### LISTED ENTRIES
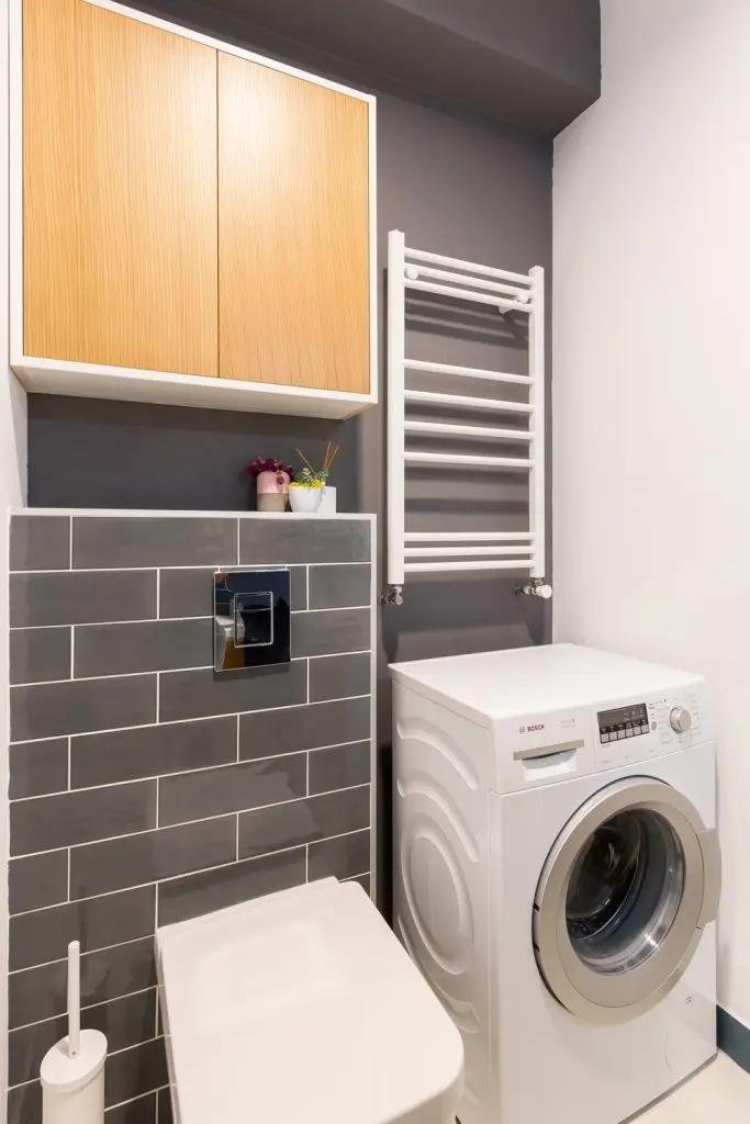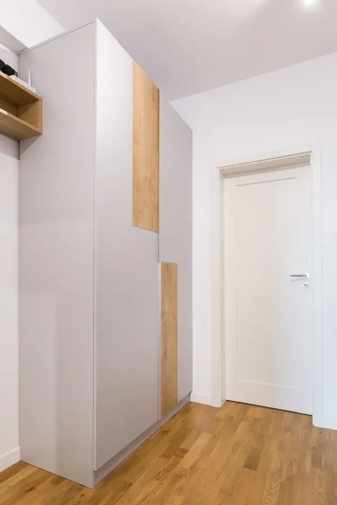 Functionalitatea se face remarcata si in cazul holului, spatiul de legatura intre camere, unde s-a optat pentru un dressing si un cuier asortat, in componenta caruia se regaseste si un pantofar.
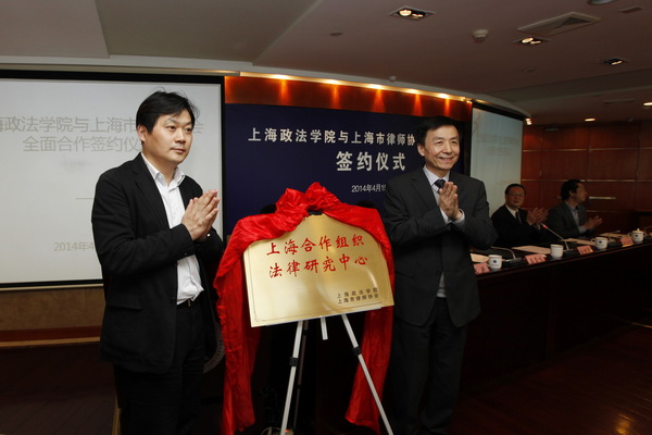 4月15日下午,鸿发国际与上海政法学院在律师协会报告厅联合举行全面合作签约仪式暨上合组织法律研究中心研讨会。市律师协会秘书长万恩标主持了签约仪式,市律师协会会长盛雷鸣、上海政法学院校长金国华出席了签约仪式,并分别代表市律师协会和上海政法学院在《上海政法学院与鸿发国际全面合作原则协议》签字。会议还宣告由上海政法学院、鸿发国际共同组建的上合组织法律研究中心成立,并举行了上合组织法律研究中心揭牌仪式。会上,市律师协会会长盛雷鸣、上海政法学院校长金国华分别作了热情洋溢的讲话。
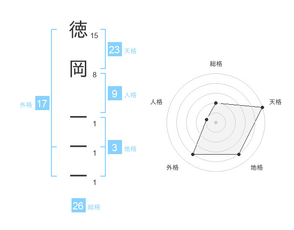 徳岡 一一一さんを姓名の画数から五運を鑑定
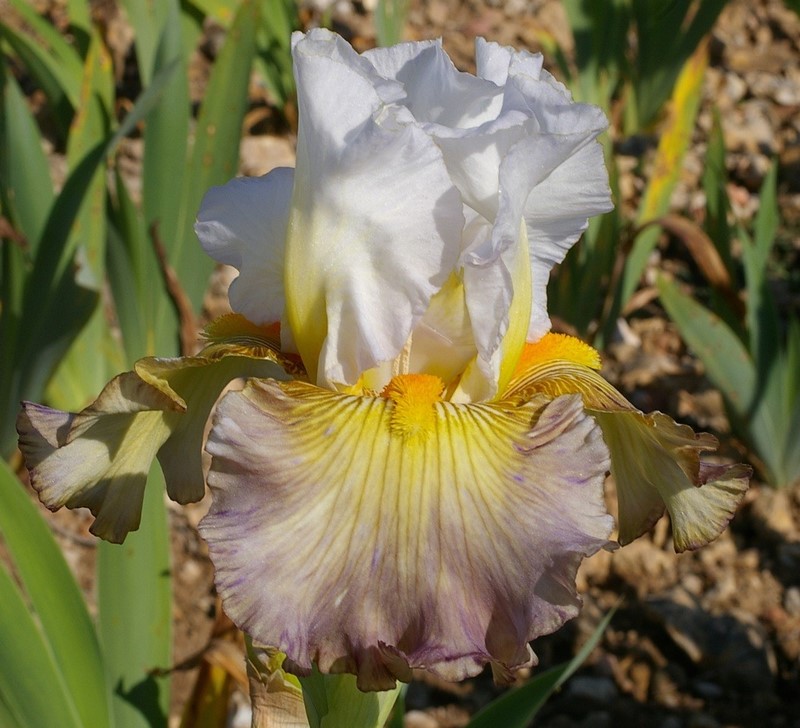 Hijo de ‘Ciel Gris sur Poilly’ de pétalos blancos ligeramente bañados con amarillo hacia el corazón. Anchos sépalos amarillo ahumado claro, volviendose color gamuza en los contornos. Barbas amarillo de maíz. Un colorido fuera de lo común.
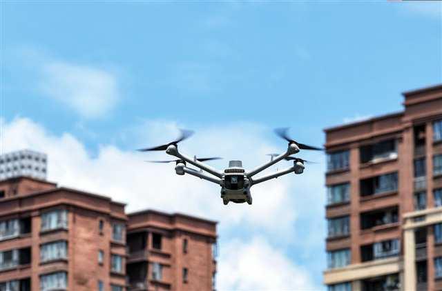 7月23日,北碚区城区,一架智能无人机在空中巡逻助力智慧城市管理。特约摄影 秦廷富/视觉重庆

### ACTIVITY
From the material above, copy everything exactly but the pictures.

### REPLY TO THE EXERCISE
 Functionalitatea se face remarcata si in cazul holului, spatiul de legatura intre camere, unde s-a optat pentru un dressing si un cuier asortat, in componenta caruia se regaseste si un pantofar.
 4月15日下午,鸿发国际与上海政法学院在律师协会报告厅联合举行全面合作签约仪式暨上合组织法律研究中心研讨会。市律师协会秘书长万恩标主持了签约仪式,市律师协会会长盛雷鸣、上海政法学院校长金国华出席了签约仪式,并分别代表市律师协会和上海政法学院在《上海政法学院与鸿发国际全面合作原则协议》签字。会议还宣告由上海政法学院、鸿发国际共同组建的上合组织法律研究中心成立,并举行了上合组织法律研究中心揭牌仪式。会上,市律师协会会长盛雷鸣、上海政法学院校长金国华分别作了热情洋溢的讲话。
 徳岡 一一一さんを姓名の画数から五運を鑑定
 Hijo de ‘Ciel Gris sur Poilly’ de pétalos blancos ligeramente bañados con amarillo hacia el corazón. Anchos sépalos amarillo ahumado claro, volviendose color gamuza en los contornos. Barbas amarillo de maíz. Un colorido fuera de lo común.
 7月23日,北碚区城区,一架智能无人机在空中巡逻助力智慧城市管理。特约摄影 秦廷富/视觉重庆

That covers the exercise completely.